## Task directions
Keep every word the same. Repeat the records without their images.

[Start of Attachment]

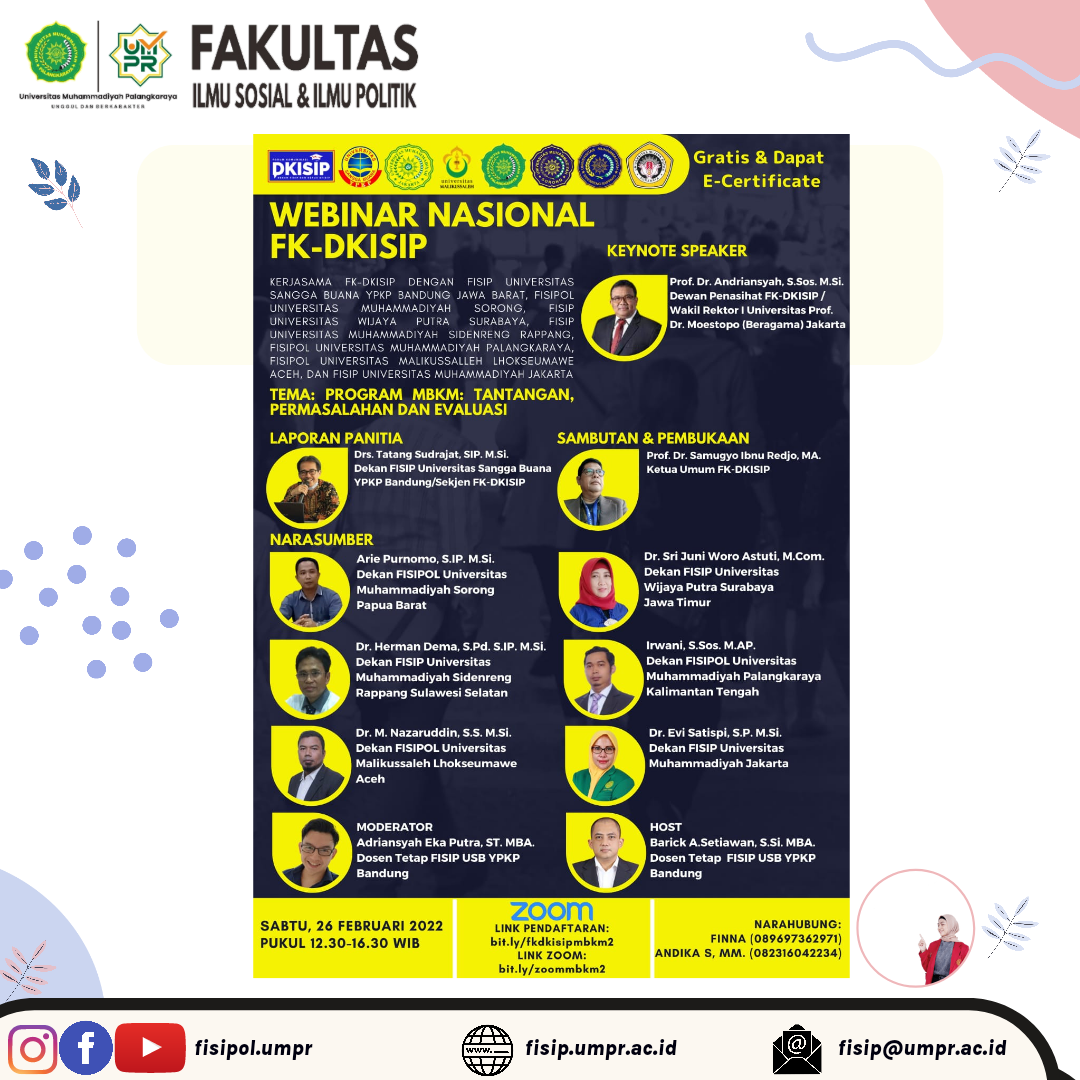 *WEBINAR NASIONAL FK-DKISIP* Tema: *”Program MBKM: Tantangan, permasalahan dan evaluasi”* yang akan diselenggarakan pada: 🗓️ Hari/Tanggal: SABTU, 26 FEBRUARI 2022 ⏰ PUKUL : 12.30-16.30 WIB Pembukaan oleh: ✅ Prof. Dr. Samugyo Ibnu Redjo, MA. (Ketua Umum FK-DKISIP) Keynote Speaker : ✅ Prof. Dr. Andriansyah, S.Sos. M.Si. (Dewan Penasihat FK-DKISIP / Wakil Rektor I Universitas Prof....Read More
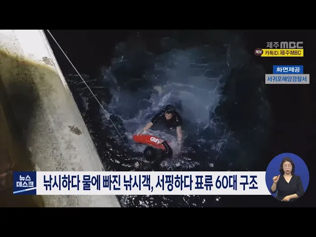 어젯밤 10시 반쯤 서귀포항 6부두 인근 해상에서 낚시를 하던 20대 중국인 남성이 방지턱에 걸려 넘어져 바다에 빠졌다가 출동한 해경에 구조됐습니다. 또 어제 오후 5시 반쯤에는 서귀포시 안덕면 형제섬 인근 바다에서 서핑하던 60대가 파도에 휩쓸려 표류하다 해경에 구조됐습니다.
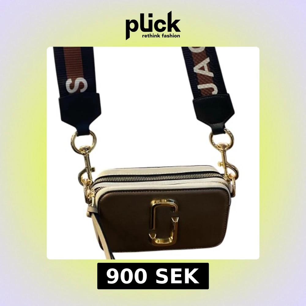Säljer en snygg och trendig Snapshot axelväska guldigt skinn med stora guldfärgade metalldetaljer och logga framtill. Väskan har bred, justerbar axelrem med logotyp och dubbla dragkedjor upptill. Perfekt för att lyfta vilken outfit som helst.
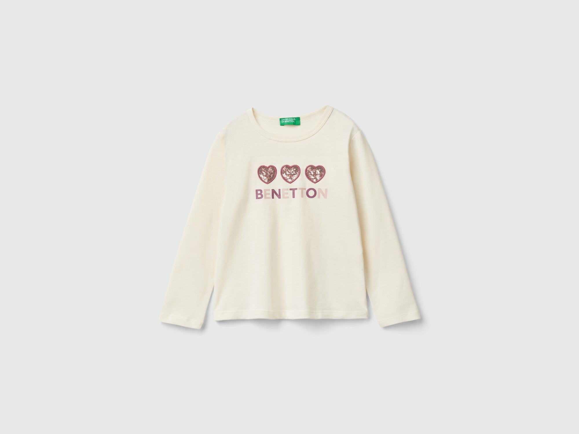 T-shirt in pure organic cotton with a warm feel. Regular fit, round neck and long sleeves. Front print with embroidery and sequins, to brighten up any everyday look. Item made with material containing at least 95% organic cotton.
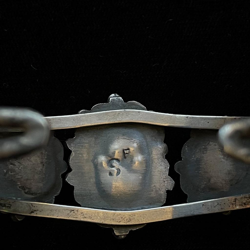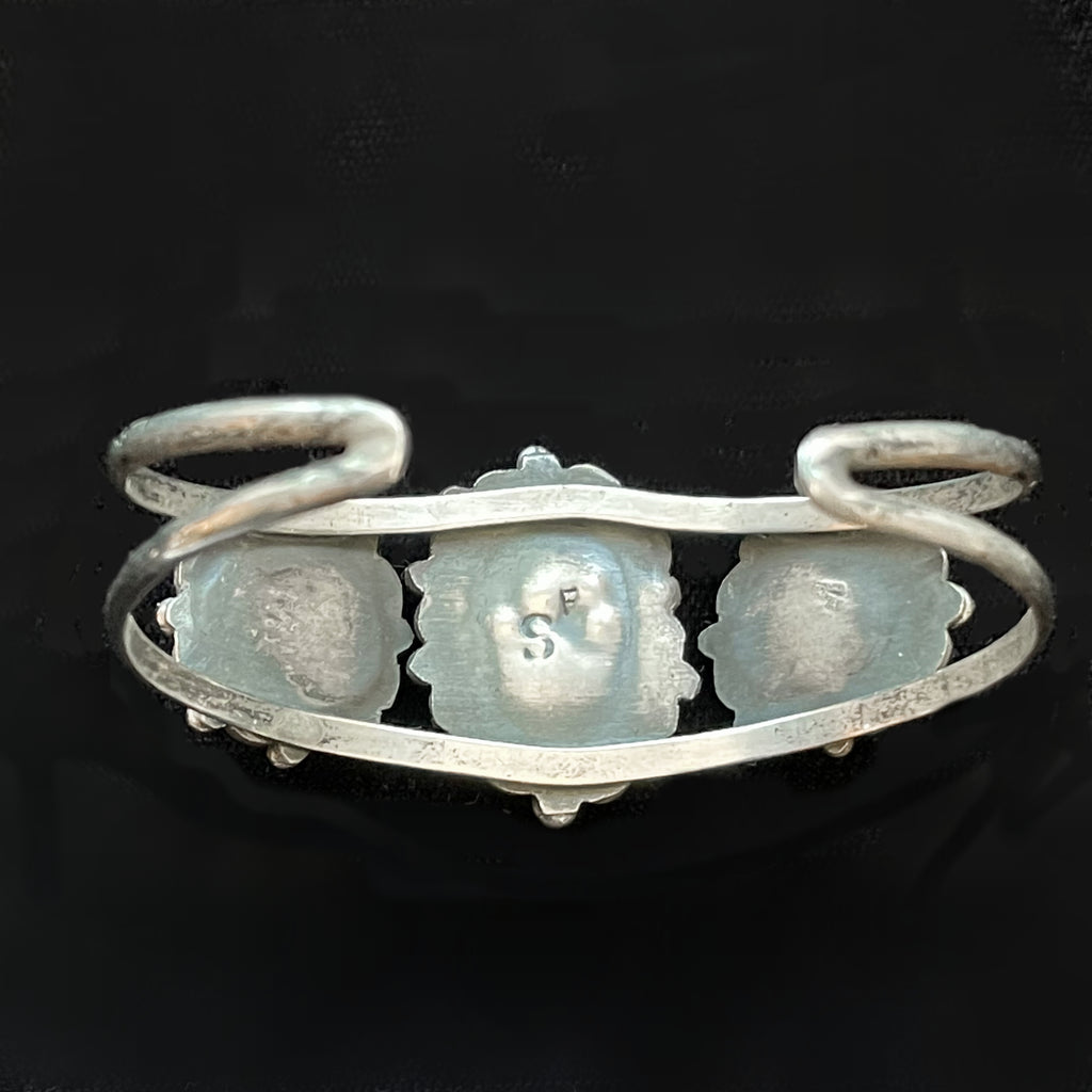 3 bezel set stones on a shank bracelet. Scalloped and ball details.
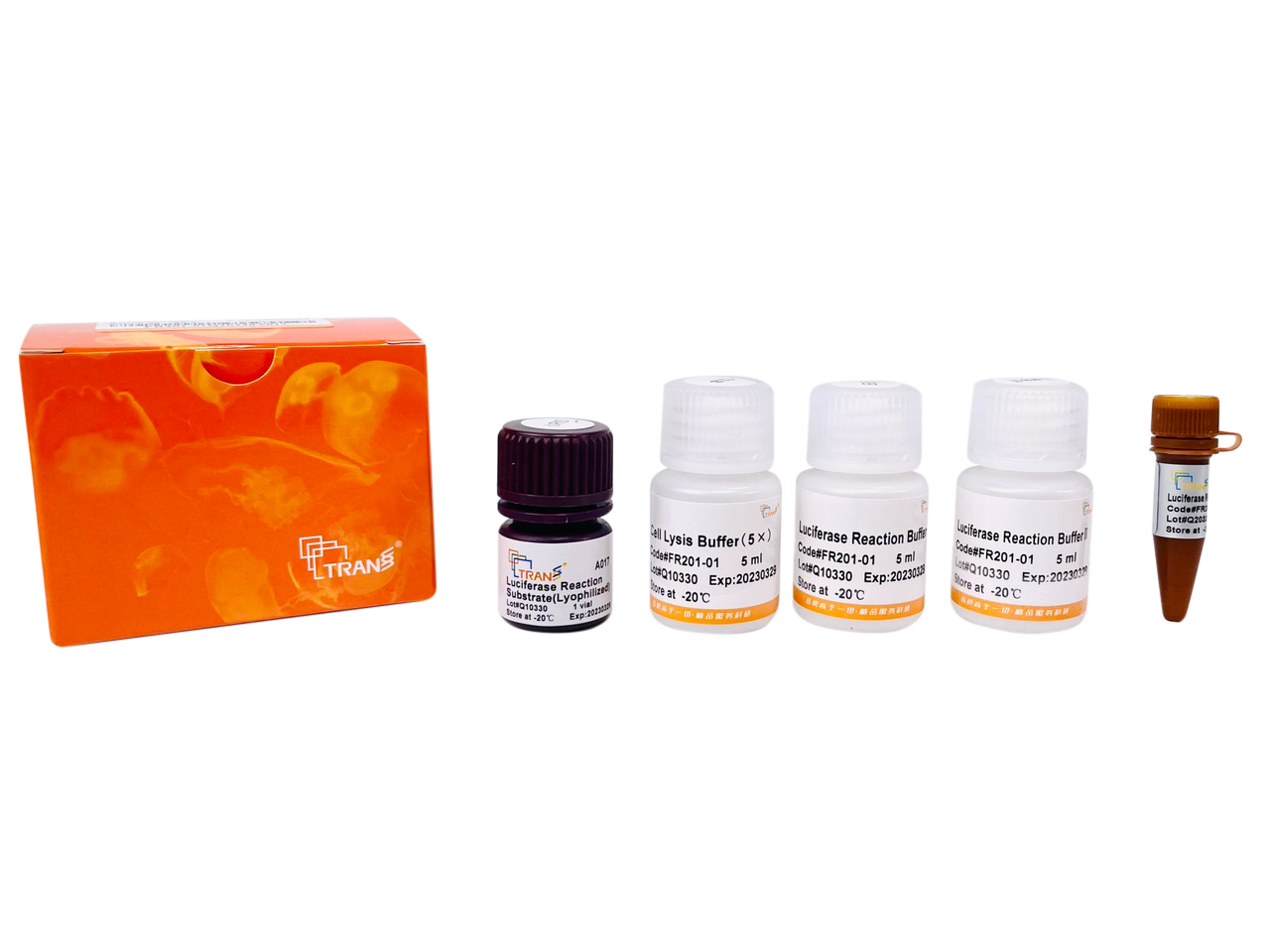 螢火蟲熒光素酶 (firefly luciferase)和海腎螢光素酶(Renilla luciferase)可分別催化熒光素 (luciferin)或腔腸素 (coelenterazine) 氧化形成oxyluciferin或coelenteramide ,并在此過程中產(chǎn)生生物熒光。TransDetect? Double-Luciferase Reporter Assay Kit首先以熒光素為底物檢測螢火蟲熒光素酶報告基因的活性,之后在淬滅該熒光反應(yīng)的同時,以腔腸素為底物檢測海腎熒光素酶報告基因的活性,具有檢測迅速、靈敏度高、檢測范圍廣、無細(xì)胞內(nèi)源活性干擾等特點。
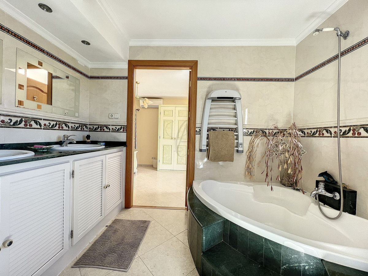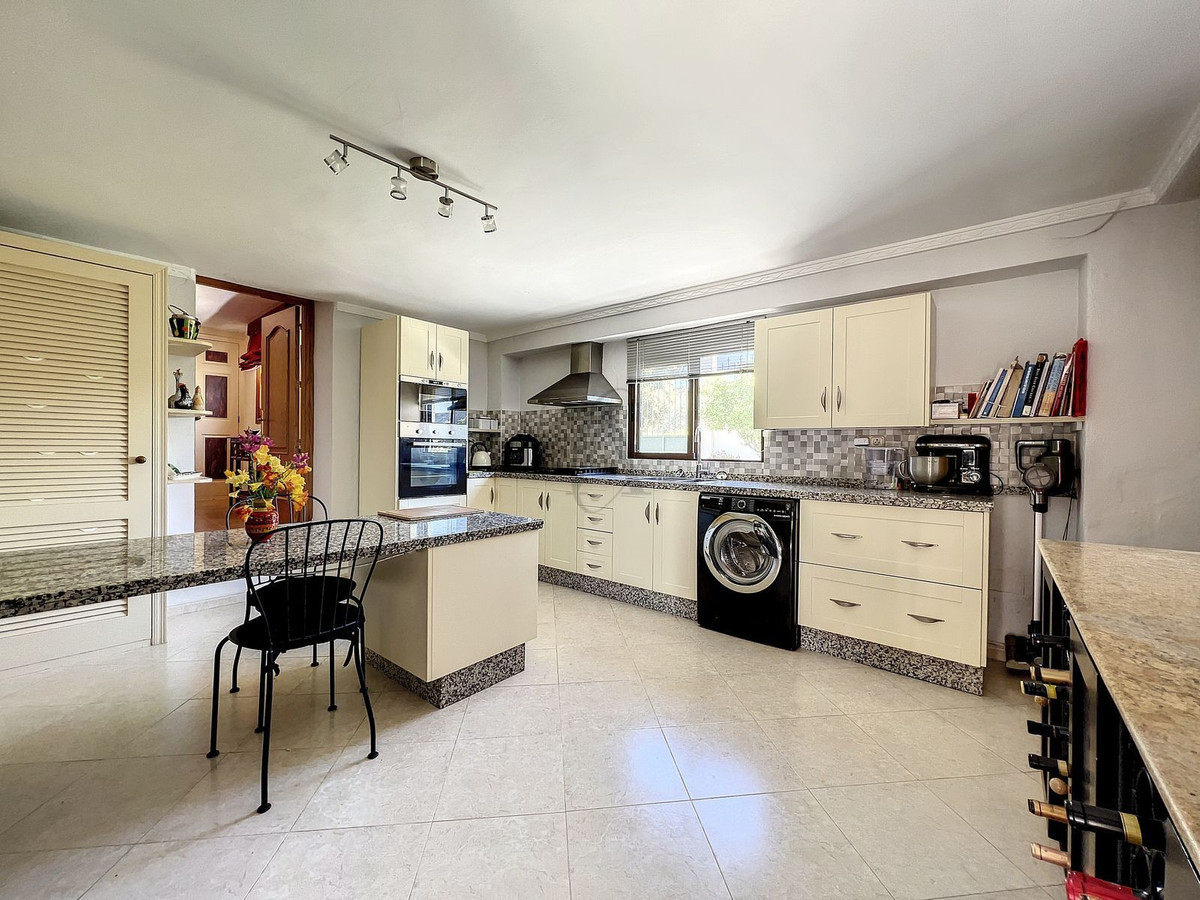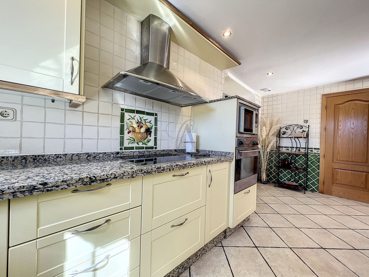 As soon as you enter you will see the beautifully tiled 13M x 6M large pool with a waterfall designed by the owner himself. A pool with magnificent views!
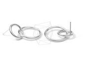 ERG-658-MR/2PCS/Two Linked rings Earring/20mm X 30mm/Matte Rhodium Plated Over Brass
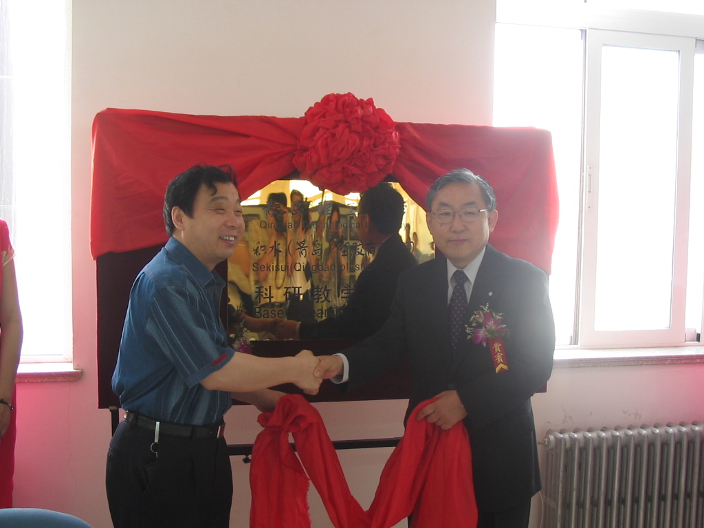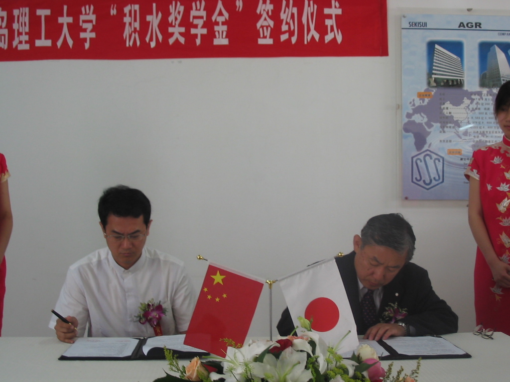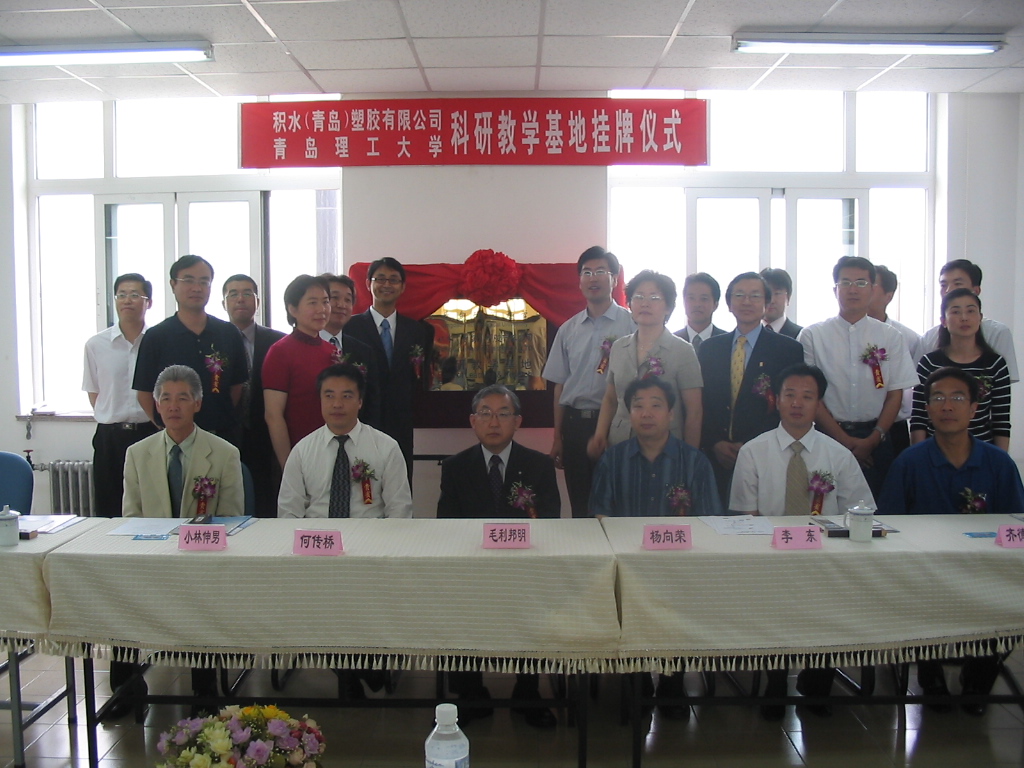 仪式上,杨向荣副书记与积水(青岛)塑胶有限公司董事长毛利邦明先生为科研教学基地揭牌;环境学院院长吕谋与毛利先生在协议书上签字;李东副校长和积水(青岛)塑胶有限公司毛利先生分别代表校企双方讲话。
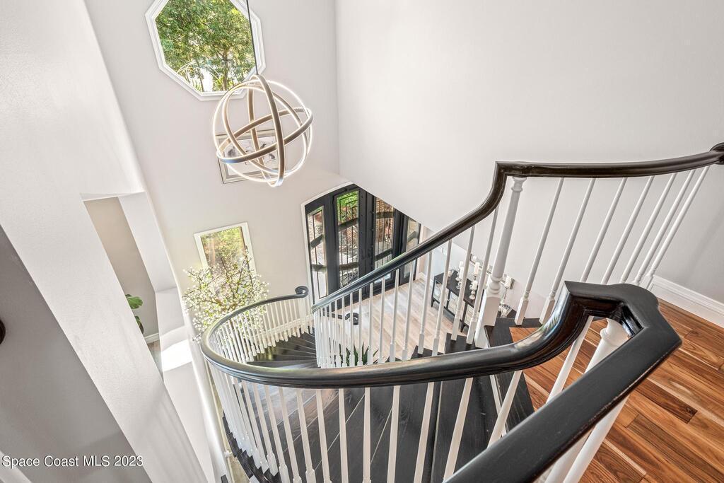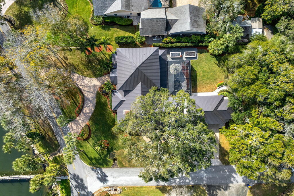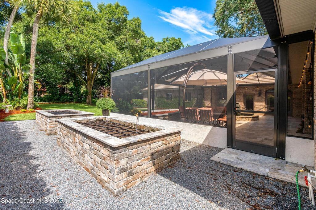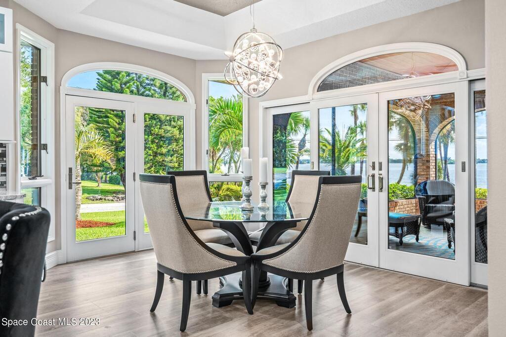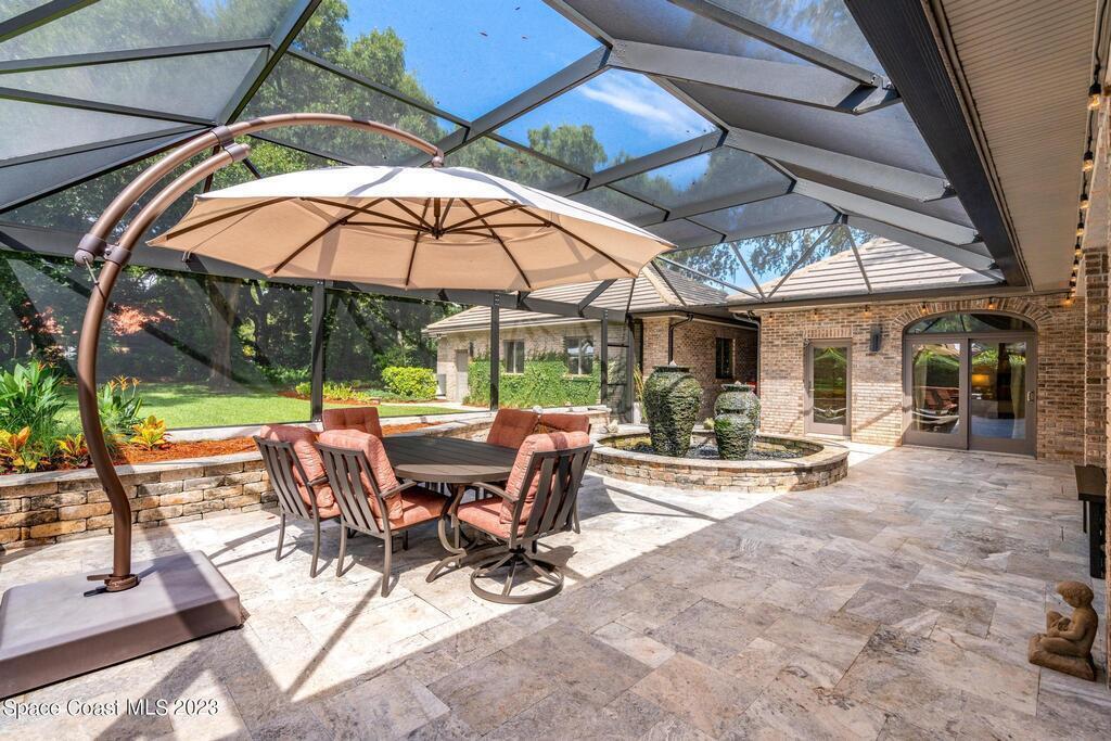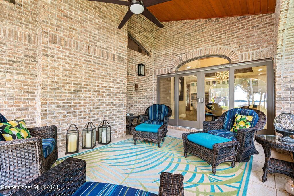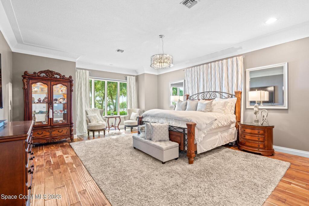 130ft of Indian Riverside frontage, a private boat dock & an elegant estate full of classic beauty! Softly lit ceilings tower over big windows streaming natural light throughout. Solid teak hardwood & LVP floors span open, sophisticated living & dining spaces. Bay windows, a marble fireplace & luxury finishes add custom flair. Showcasing a quartz waterfall-edge island, the kitchen exhibits white glass-accented cabinetry, a butler's pantry, Bosch SS appliances, double wall ovens, a gas stove & wine cooler. The 1st-floor owner's retreat features a sitting area w/riverfront views, floating vanities, a jetted tub & bench shower. A curved staircase leads up to a loft, 2bdrms & full bath. A 2024 metal roof. 2 breezy screened lanais offer tranquil water features, backyard & river views!

[End of Attachment]

## Response for this exercise
 *WEBINAR NASIONAL FK-DKISIP* Tema: *”Program MBKM: Tantangan, permasalahan dan evaluasi”* yang akan diselenggarakan pada: 🗓️ Hari/Tanggal: SABTU, 26 FEBRUARI 2022 ⏰ PUKUL : 12.30-16.30 WIB Pembukaan oleh: ✅ Prof. Dr. Samugyo Ibnu Redjo, MA. (Ketua Umum FK-DKISIP) Keynote Speaker : ✅ Prof. Dr. Andriansyah, S.Sos. M.Si. (Dewan Penasihat FK-DKISIP / Wakil Rektor I Universitas Prof....Read More
 어젯밤 10시 반쯤 서귀포항 6부두 인근 해상에서 낚시를 하던 20대 중국인 남성이 방지턱에 걸려 넘어져 바다에 빠졌다가 출동한 해경에 구조됐습니다. 또 어제 오후 5시 반쯤에는 서귀포시 안덕면 형제섬 인근 바다에서 서핑하던 60대가 파도에 휩쓸려 표류하다 해경에 구조됐습니다.
Säljer en snygg och trendig Snapshot axelväska guldigt skinn med stora guldfärgade metalldetaljer och logga framtill. Väskan har bred, justerbar axelrem med logotyp och dubbla dragkedjor upptill. Perfekt för att lyfta vilken outfit som helst.
 T-shirt in pure organic cotton with a warm feel. Regular fit, round neck and long sleeves. Front print with embroidery and sequins, to brighten up any everyday look. Item made with material containing at least 95% organic cotton.
 3 bezel set stones on a shank bracelet. Scalloped and ball details.
 螢火蟲熒光素酶 (firefly luciferase)和海腎螢光素酶(Renilla luciferase)可分別催化熒光素 (luciferin)或腔腸素 (coelenterazine) 氧化形成oxyluciferin或coelenteramide ,并在此過程中產(chǎn)生生物熒光。TransDetect? Double-Luciferase Reporter Assay Kit首先以熒光素為底物檢測螢火蟲熒光素酶報告基因的活性,之后在淬滅該熒光反應(yīng)的同時,以腔腸素為底物檢測海腎熒光素酶報告基因的活性,具有檢測迅速、靈敏度高、檢測范圍廣、無細(xì)胞內(nèi)源活性干擾等特點。
 As soon as you enter you will see the beautifully tiled 13M x 6M large pool with a waterfall designed by the owner himself. A pool with magnificent views!
 ERG-658-MR/2PCS/Two Linked rings Earring/20mm X 30mm/Matte Rhodium Plated Over Brass
 仪式上,杨向荣副书记与积水(青岛)塑胶有限公司董事长毛利邦明先生为科研教学基地揭牌;环境学院院长吕谋与毛利先生在协议书上签字;李东副校长和积水(青岛)塑胶有限公司毛利先生分别代表校企双方讲话。
 130ft of Indian Riverside frontage, a private boat dock & an elegant estate full of classic beauty! Softly lit ceilings tower over big windows streaming natural light throughout. Solid teak hardwood & LVP floors span open, sophisticated living & dining spaces. Bay windows, a marble fireplace & luxury finishes add custom flair. Showcasing a quartz waterfall-edge island, the kitchen exhibits white glass-accented cabinetry, a butler's pantry, Bosch SS appliances, double wall ovens, a gas stove & wine cooler. The 1st-floor owner's retreat features a sitting area w/riverfront views, floating vanities, a jetted tub & bench shower. A curved staircase leads up to a loft, 2bdrms & full bath. A 2024 metal roof. 2 breezy screened lanais offer tranquil water features, backyard & river views!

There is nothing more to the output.